Below are some records. Return exactly the lines from the one containing "strip3 lines belt" through the one containing "klasicky pondelok, dojedame", both included, and only those.

■ **Records for processing**

============================================================

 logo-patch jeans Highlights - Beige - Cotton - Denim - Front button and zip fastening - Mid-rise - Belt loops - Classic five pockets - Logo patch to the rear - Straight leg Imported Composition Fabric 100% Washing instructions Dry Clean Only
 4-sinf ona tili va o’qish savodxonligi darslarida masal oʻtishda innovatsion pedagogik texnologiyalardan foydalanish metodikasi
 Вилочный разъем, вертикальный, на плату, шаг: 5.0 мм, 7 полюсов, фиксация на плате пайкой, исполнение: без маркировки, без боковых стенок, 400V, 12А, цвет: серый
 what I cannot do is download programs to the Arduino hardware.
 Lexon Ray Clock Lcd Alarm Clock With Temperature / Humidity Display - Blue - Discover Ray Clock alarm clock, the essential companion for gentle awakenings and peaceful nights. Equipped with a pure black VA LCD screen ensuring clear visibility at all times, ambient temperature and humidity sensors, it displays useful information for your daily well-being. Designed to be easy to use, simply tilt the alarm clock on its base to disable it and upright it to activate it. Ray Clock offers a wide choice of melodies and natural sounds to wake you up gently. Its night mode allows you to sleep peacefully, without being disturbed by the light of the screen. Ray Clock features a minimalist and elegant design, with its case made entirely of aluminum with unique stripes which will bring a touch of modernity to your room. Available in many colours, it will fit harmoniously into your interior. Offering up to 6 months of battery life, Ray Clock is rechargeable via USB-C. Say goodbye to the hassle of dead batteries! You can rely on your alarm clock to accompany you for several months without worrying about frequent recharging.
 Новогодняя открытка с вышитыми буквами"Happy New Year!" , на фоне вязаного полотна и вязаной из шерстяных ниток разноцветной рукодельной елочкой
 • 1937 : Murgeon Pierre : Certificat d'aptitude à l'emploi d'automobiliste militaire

============================================================

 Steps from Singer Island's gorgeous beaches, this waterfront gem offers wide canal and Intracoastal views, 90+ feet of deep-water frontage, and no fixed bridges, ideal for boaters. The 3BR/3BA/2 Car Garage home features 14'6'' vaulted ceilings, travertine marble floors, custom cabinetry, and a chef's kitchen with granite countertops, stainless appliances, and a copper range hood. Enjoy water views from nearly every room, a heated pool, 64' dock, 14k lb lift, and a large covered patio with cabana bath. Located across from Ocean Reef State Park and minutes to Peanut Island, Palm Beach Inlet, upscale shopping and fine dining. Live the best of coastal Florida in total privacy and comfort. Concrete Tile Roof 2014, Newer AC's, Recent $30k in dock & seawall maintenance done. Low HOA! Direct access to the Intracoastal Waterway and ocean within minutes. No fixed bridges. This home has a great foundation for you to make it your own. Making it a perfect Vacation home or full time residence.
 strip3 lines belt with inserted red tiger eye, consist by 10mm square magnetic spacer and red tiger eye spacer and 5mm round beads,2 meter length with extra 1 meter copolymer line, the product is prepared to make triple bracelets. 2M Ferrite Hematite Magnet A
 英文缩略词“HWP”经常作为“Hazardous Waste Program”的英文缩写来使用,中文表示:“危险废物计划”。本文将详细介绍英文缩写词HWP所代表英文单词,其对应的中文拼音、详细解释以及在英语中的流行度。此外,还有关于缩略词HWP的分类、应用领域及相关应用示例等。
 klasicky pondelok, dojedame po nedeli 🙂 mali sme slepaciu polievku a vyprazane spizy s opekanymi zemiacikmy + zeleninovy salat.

============================================================

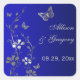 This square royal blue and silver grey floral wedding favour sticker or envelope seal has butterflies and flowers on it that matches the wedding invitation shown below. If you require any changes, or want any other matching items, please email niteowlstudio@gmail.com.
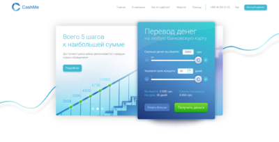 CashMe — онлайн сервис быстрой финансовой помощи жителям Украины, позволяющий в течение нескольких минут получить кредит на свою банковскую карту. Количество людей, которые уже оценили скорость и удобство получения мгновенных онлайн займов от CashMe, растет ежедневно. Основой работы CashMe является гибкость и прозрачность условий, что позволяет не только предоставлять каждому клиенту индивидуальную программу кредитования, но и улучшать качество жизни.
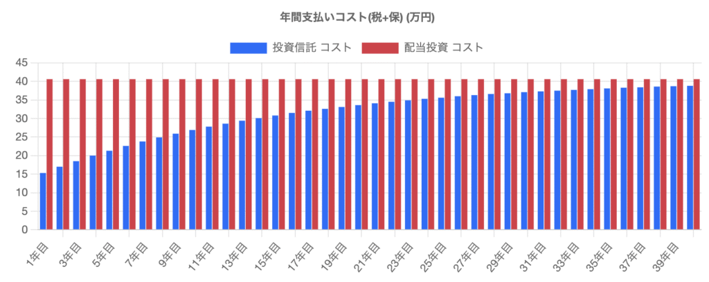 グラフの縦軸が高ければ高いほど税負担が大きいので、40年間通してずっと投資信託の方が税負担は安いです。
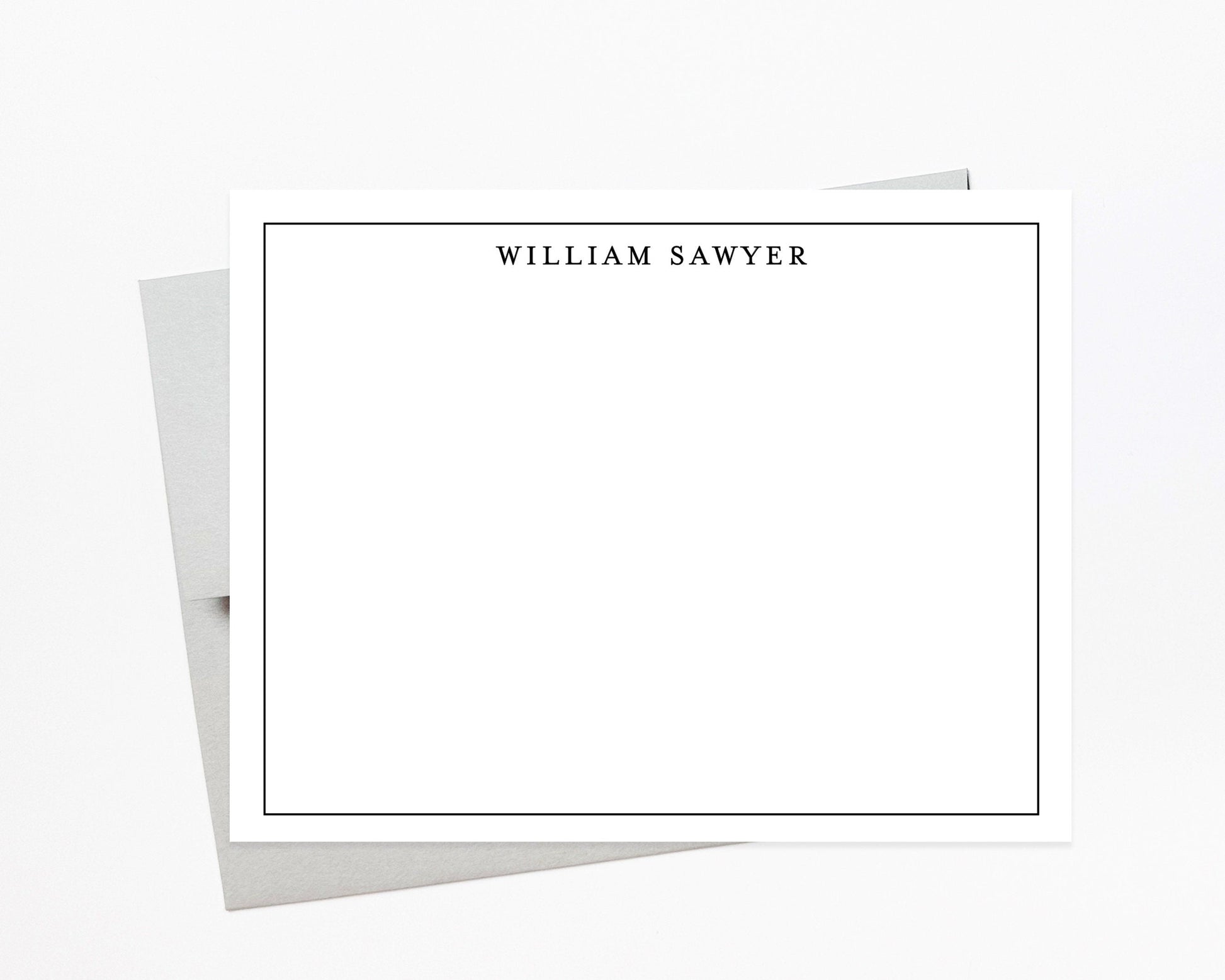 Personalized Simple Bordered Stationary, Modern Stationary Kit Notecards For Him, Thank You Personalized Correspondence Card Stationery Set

============================================================

■ **Written reply**
 strip3 lines belt with inserted red tiger eye, consist by 10mm square magnetic spacer and red tiger eye spacer and 5mm round beads,2 meter length with extra 1 meter copolymer line, the product is prepared to make triple bracelets. 2M Ferrite Hematite Magnet A
 英文缩略词“HWP”经常作为“Hazardous Waste Program”的英文缩写来使用,中文表示:“危险废物计划”。本文将详细介绍英文缩写词HWP所代表英文单词,其对应的中文拼音、详细解释以及在英语中的流行度。此外,还有关于缩略词HWP的分类、应用领域及相关应用示例等。
 klasicky pondelok, dojedame po nedeli 🙂 mali sme slepaciu polievku a vyprazane spizy s opekanymi zemiacikmy + zeleninovy salat.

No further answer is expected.